*** Begin section ***

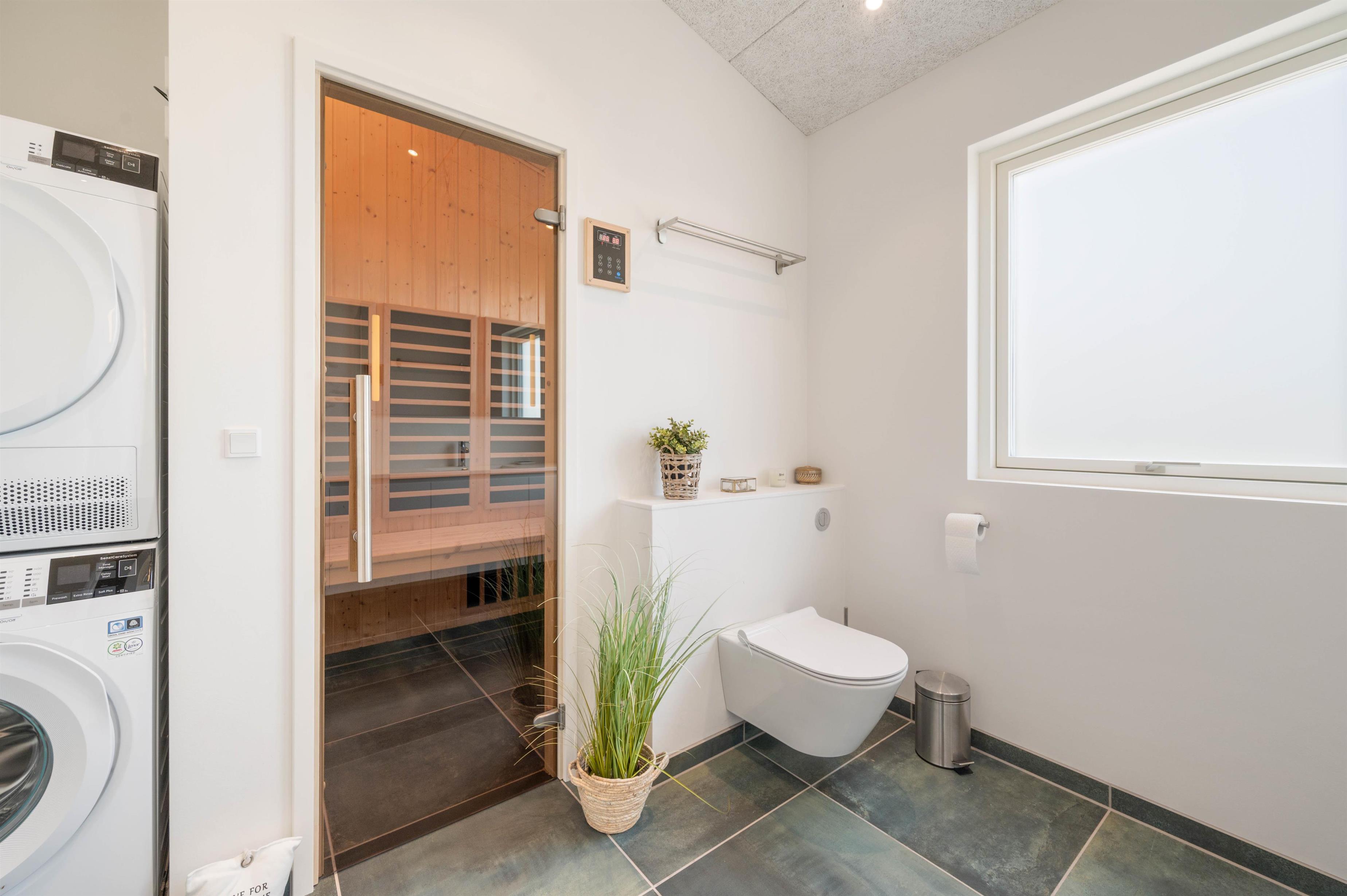 Spread across three bedrooms, each with a double bed, the holiday home comfortably accommodates up to 6 people, while the two bathrooms ensure no morning queues. One bathroom features an infrared sauna where you can warm up after a long day in the fresh air.
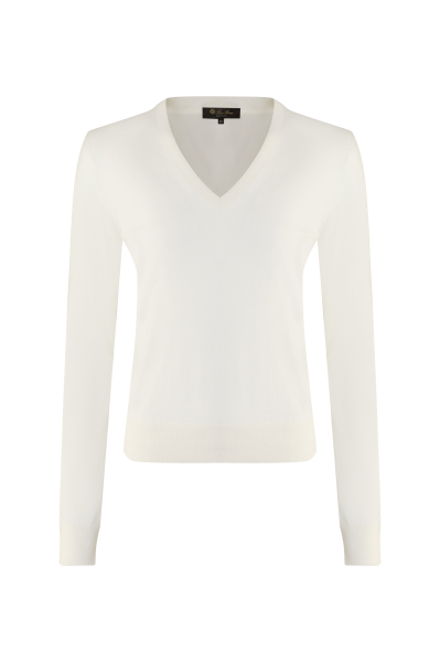 Вязаный джемпер с V-образным вырезом идеально подойдет для многослойных образов с рубашкой и пиджаком. Лаконичная модель из легкой кашемировой пряжи дополнена эластичной отделкой в рубчик на вороте, манжетах и подоле.
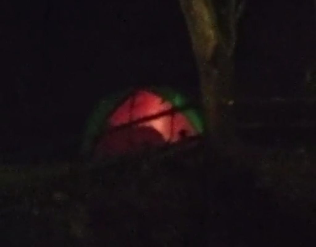 Tampak pada video, dalam tenda berwarna oranye dengan list hijau itu ada orang yang sedang melakukan aktifitas.
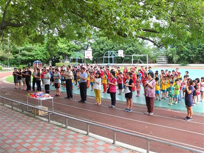 「立正、敬禮」全校師生對於200年楓香爺爺的祈福與敬禮,王恭志說,除了養成學生尊天敬地、愛護大自然環境的精神,也藉此感謝三棵200歲的楓香爺爺長年以來呵護文山國小全體師生,看著學生一步步成長,也期望新學期學生有更多傑出表現。
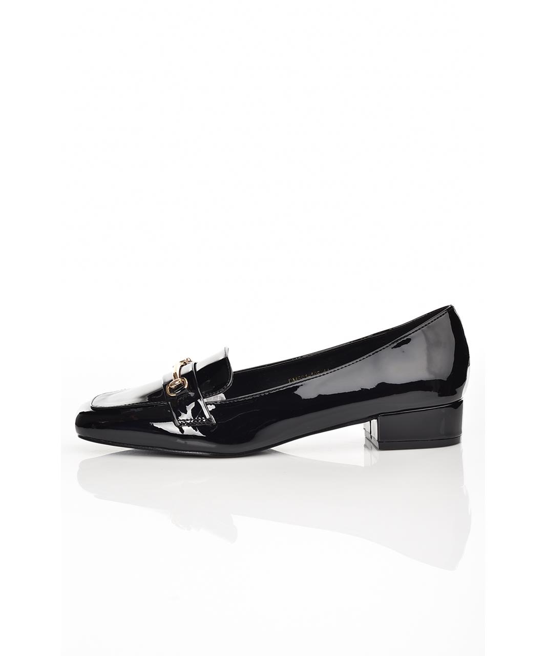 Елегантни дамски лачени обувки от естествена кожа с нисък широк ток, удобна остра линия и златиста метална декорация. Подходящи за офис и ежедневие, предлагат стил и комфорт през целия ден. Гаранция

*** End section ***

Return every entry above exactly. Pictures stay out.

 Spread across three bedrooms, each with a double bed, the holiday home comfortably accommodates up to 6 people, while the two bathrooms ensure no morning queues. One bathroom features an infrared sauna where you can warm up after a long day in the fresh air.
 Вязаный джемпер с V-образным вырезом идеально подойдет для многослойных образов с рубашкой и пиджаком. Лаконичная модель из легкой кашемировой пряжи дополнена эластичной отделкой в рубчик на вороте, манжетах и подоле.
 Tampak pada video, dalam tenda berwarna oranye dengan list hijau itu ada orang yang sedang melakukan aktifitas.
 「立正、敬禮」全校師生對於200年楓香爺爺的祈福與敬禮,王恭志說,除了養成學生尊天敬地、愛護大自然環境的精神,也藉此感謝三棵200歲的楓香爺爺長年以來呵護文山國小全體師生,看著學生一步步成長,也期望新學期學生有更多傑出表現。
 Елегантни дамски лачени обувки от естествена кожа с нисък широк ток, удобна остра линия и златиста метална декорация. Подходящи за офис и ежедневие, предлагат стил и комфорт през целия ден. Гаранция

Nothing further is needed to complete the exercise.